8 Aug 2009

El Hombre que no podia amar y la Mujer que mató a Darwin (VIII)

Rapsodia 2.-

- La verdad es que no creo en lo que te voy a decir, pero me siento muy desdichada. He puesto toda mi fe en algo y no va a resultar.
-Me has asustado, pensé que habías matado a alguien.

La reacción de su cara fué indescriptible, su forma de moverse sobre el angulo de la piedra en el que se encontraba sentada, parecía augurar que él no estaba de todo desencaminado.

- Anoche tuve una cita, es alguien que hacía tiempo que no veía. - Dijo cambiando de tema.
- Define tiempo. - Replicó ella con arrogancia.
- Es una persona con la que nunca hablé.
- ¿Te ha traído recuerdos?
- Me ha abierto el pecho en canal

Y diciendo su nombre dejó caer el móvil que tenía en las manos y se echo a llorar.

El Hombre que no podia amar y la Mujer que mató a Darwin (VII)

Rapsodia 1.-

Había estado durante horas monitorizando las expresiones de mi cuerpo. Algunas frente al espejo, otras tantas delante del ordenador.
No sabía bien como podría reaccionar ante el encuentro, por una parte la conversación telefónica había denotado interés por su parte, por la otra me transmitió una importancia exagerada para una simple cita.
La palabra cita remordió en mis quehaceres durante el tiempo en el cual me preparaba, por una parte no quería darle nombre, por otra existía un deseo que no pude alcanzar a entender.

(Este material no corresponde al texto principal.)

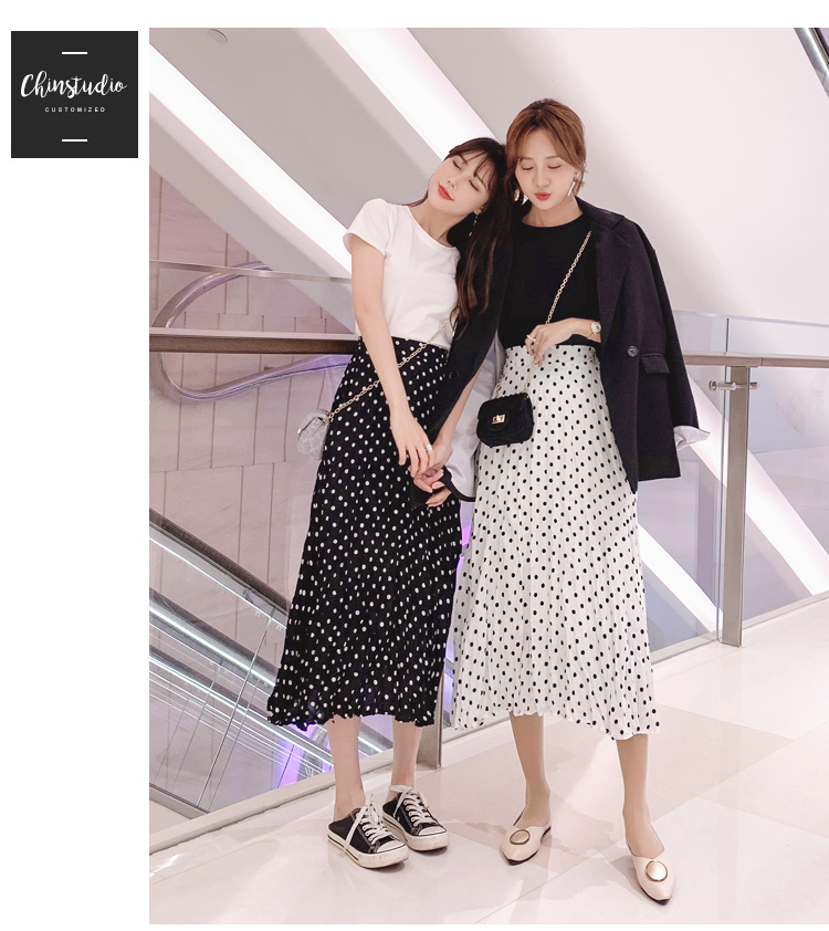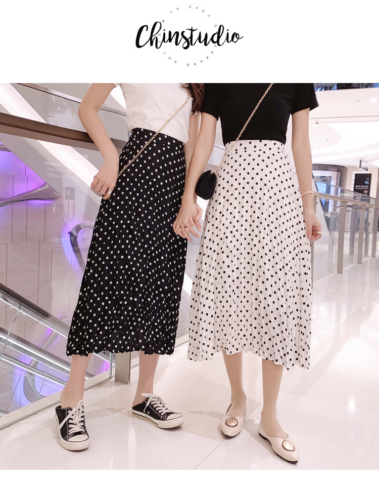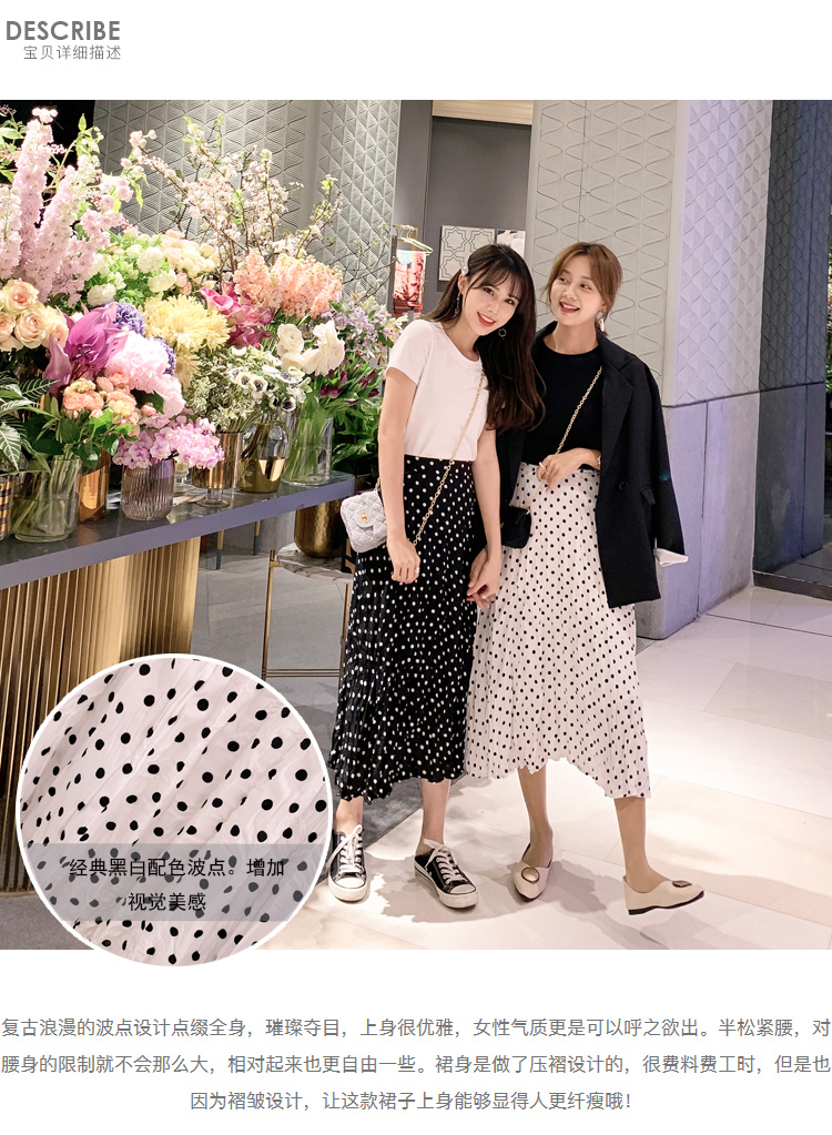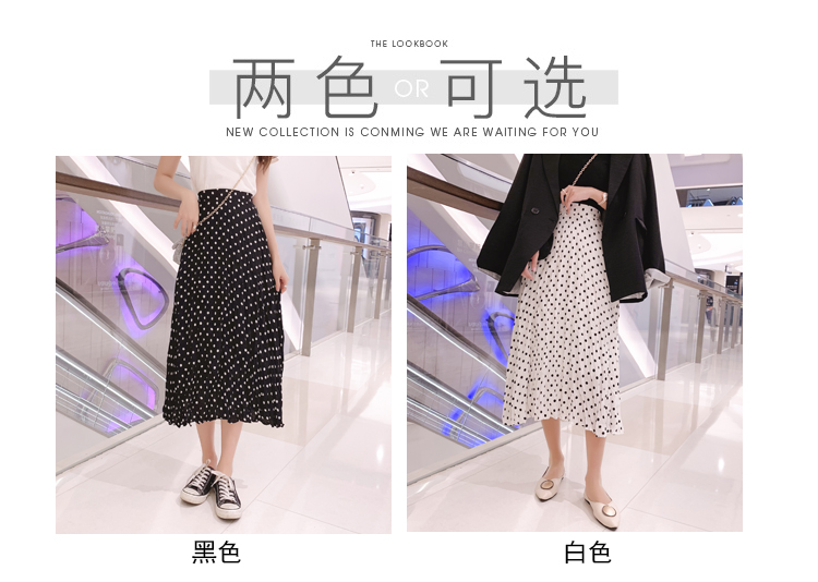 2019新款波點中長款雪紡a字壓褶高腰半身裙女適合胯大腿粗的裙子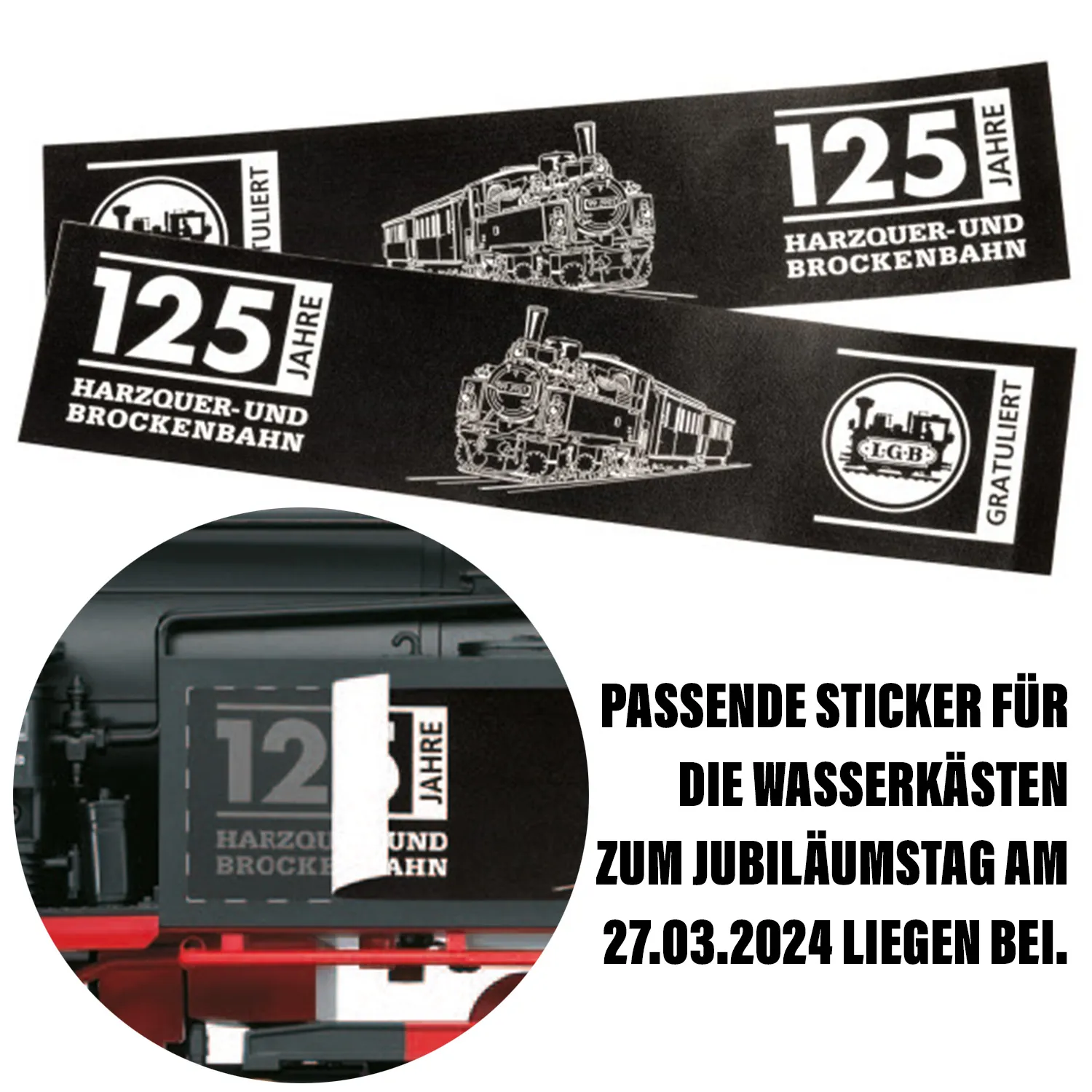 Sonderausführung zum 125. Geburtstag der BrockenbahnPassende Sticker für die Wasserkästen zum Jubiläumstag am 27.03.2024 liegen beiMit verschiedenen SoundfunktionenDurch Reedschalter auslösbare Pfeife und GlockeRadsynchroner Rauch-ausstoß im DigitalbetriebSpitzenlicht digital schaltbar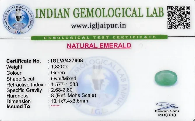 Natural Emerald (Maragadham) weighing 1.82 carats In Oval from Brazil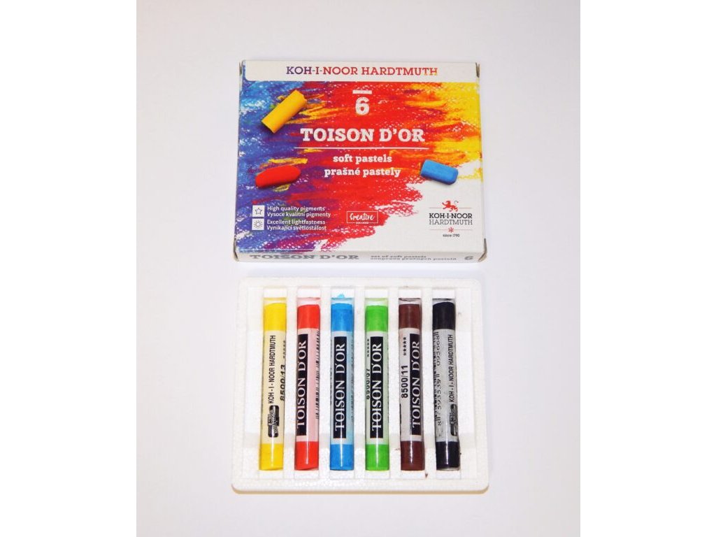Souprava 6 ks kulatých prašných pastelů s ovinem o průměru 10 mm a délce 75 mm. Mají vynikající psací vlastnosti i světlostálost. Při kreslení je možné použít držák pastelů KOH-I-NOOR Versatil. Kresbu doporučujeme po dokončení stabilizovat fixativem.

Preparé mis mejores ropas, aquellas que en la maleta habían sufrido menos vaivenes del tren. Y junto a ellas, sobre la cama, intenté compaginarlas para que pareciera natural. El disfraz no iba a dejarle ver quien era, en qué me había convertido.
¿Recordaría aquel mal-nombre que me dieron en la escuela?
Observé el reloj, tictaba de una forma irregular, mi percepción me decía que iba a una velocidad mayor de la que posiblemente debería. Ya era casi la hora y no me quedaba tabaco.
Me vestí y salí corriendo, era hora de ir a por más.

7 May 2009

El Hombre que no podia amar y la Mujer que mató a Darwin (VI)

Rapsodia 2.-

Entre exhaladas de humo y un mono-tema rondando en su cabeza se decidió a acallar sus pensamientos hablando sólo con su boca. Su mirada perdida en el infinito de la lejanía y el hieratismo de su cuerpo delataban que con ello se le iba el corazón.
Ella no tardo en sentirse abrumada por tales confesiones, pero en ese momento en su mente sobrevenían otras imágenes. Las imágenes del día anterior.

- No eres el único que tiene que contar algo importante.

Esta frase no paso inadvertida y él recupero su movilidad desviando su mirada hacia los ojos de ella.
El azul del horizonte era el mismo que el de sus ojos, aunque estos, notablemente empañados, parecía que iban a agasajarle con alguna nueva.
Él cambió su postura, antes firme y perdida, para acoger una oleada de sentimientos femeninos que parecían descontrolarse.
Escuchó.

6 May 2009

El Hombre que no podia amar y la Mujer que mató a Darwin (V)

Rapsodia 1.-

Bajé por la calle aprisionando el paquete de tabaco por los extremos, estrangulando de forma hipotética los cigarros que allí se contenían, como contenidos eran mis pensamientos.
¿Habría suerte? ¿Sería un capullo o sería cualquier otro tipo de flor?

Caminé asfixiando mi dosis de nicotina mientras me parecía que alguien me llamaba, y yo dentro de mis pensamientos seguí caminando sin querer salir de ellos.

Llegué al punto de encuentro y una mano pesada se aterrizó en mi espalda con la suavidad de una corteza de pino, entonces giré mi cabeza sobre mi inestable cuello para observar a aquel individuo.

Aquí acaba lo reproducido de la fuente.